**Entries shown:**
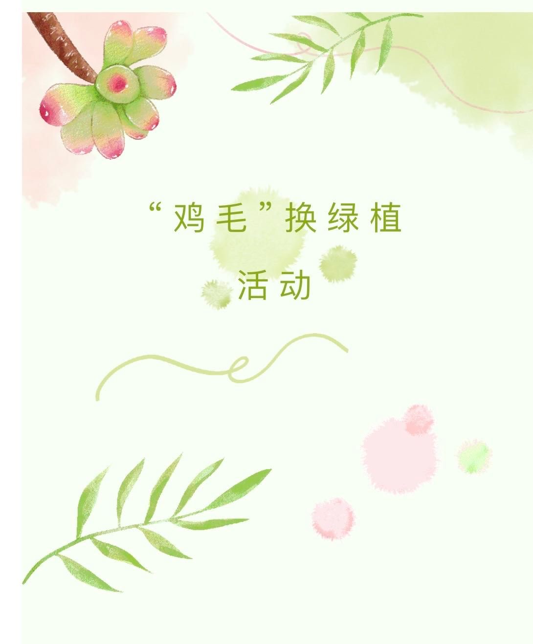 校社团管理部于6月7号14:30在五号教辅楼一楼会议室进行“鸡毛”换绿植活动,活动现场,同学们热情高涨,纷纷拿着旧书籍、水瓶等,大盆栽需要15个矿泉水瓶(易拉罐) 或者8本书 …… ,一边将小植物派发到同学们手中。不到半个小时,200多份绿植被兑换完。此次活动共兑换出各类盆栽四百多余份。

--

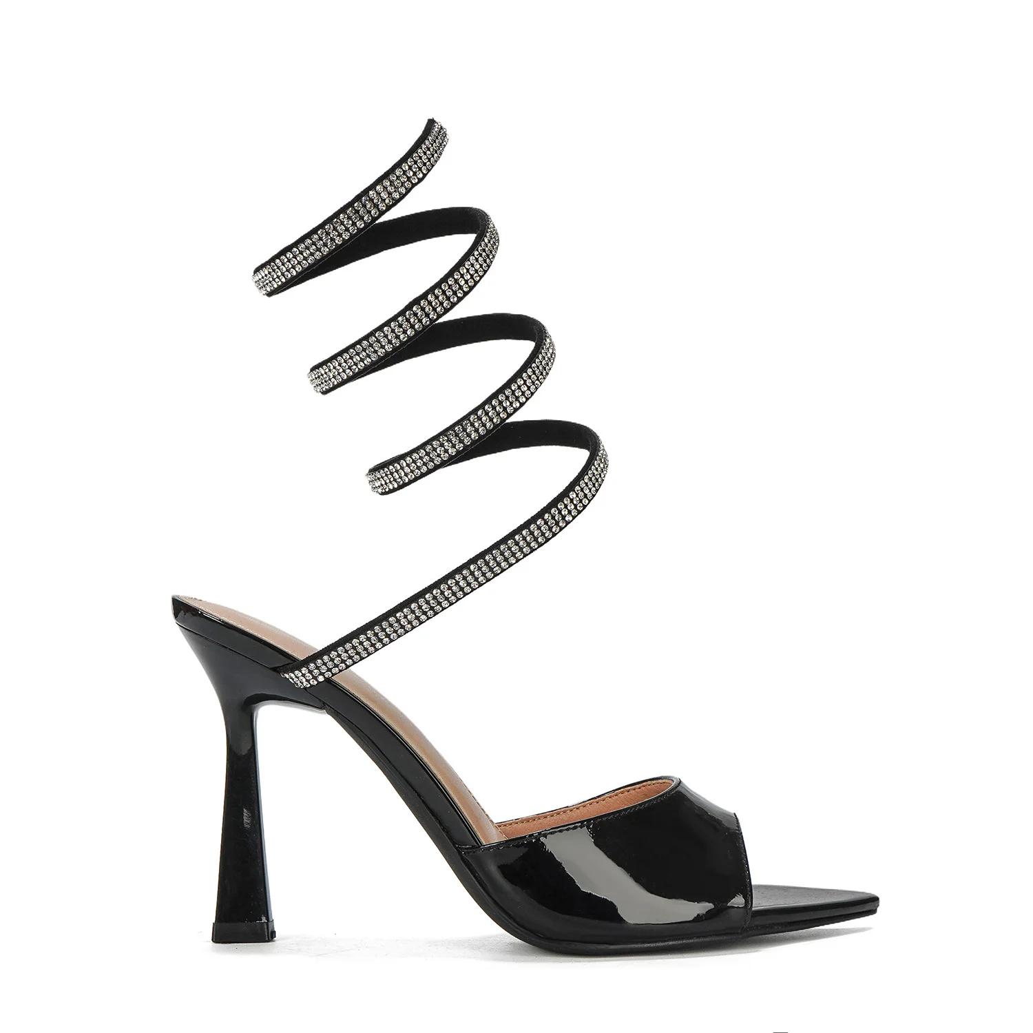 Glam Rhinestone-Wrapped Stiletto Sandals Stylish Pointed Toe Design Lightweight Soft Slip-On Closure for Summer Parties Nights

* * *

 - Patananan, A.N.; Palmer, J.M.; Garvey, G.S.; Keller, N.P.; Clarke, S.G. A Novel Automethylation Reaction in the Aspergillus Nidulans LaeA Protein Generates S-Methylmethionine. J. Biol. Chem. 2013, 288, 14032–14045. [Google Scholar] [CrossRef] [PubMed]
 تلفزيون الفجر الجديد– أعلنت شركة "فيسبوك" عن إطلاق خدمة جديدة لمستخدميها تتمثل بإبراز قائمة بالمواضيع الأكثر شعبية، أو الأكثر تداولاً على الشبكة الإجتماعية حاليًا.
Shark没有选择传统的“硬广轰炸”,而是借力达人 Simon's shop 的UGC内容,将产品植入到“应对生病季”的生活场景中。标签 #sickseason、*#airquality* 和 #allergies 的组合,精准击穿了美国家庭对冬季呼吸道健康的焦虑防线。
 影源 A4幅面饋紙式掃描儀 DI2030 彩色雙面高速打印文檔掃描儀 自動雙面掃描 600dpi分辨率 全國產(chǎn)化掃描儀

**Instructions to follow:** Print again the lines of the entries above that fall between the line holding "- Patananan, A.N.;" and the line holding "تلفزيون الفجر الجديد–", inclusive, exactly as they stand.

**Worked solution:**
 - Patananan, A.N.; Palmer, J.M.; Garvey, G.S.; Keller, N.P.; Clarke, S.G. A Novel Automethylation Reaction in the Aspergillus Nidulans LaeA Protein Generates S-Methylmethionine. J. Biol. Chem. 2013, 288, 14032–14045. [Google Scholar] [CrossRef] [PubMed]
 تلفزيون الفجر الجديد– أعلنت شركة "فيسبوك" عن إطلاق خدمة جديدة لمستخدميها تتمثل بإبراز قائمة بالمواضيع الأكثر شعبية، أو الأكثر تداولاً على الشبكة الإجتماعية حاليًا.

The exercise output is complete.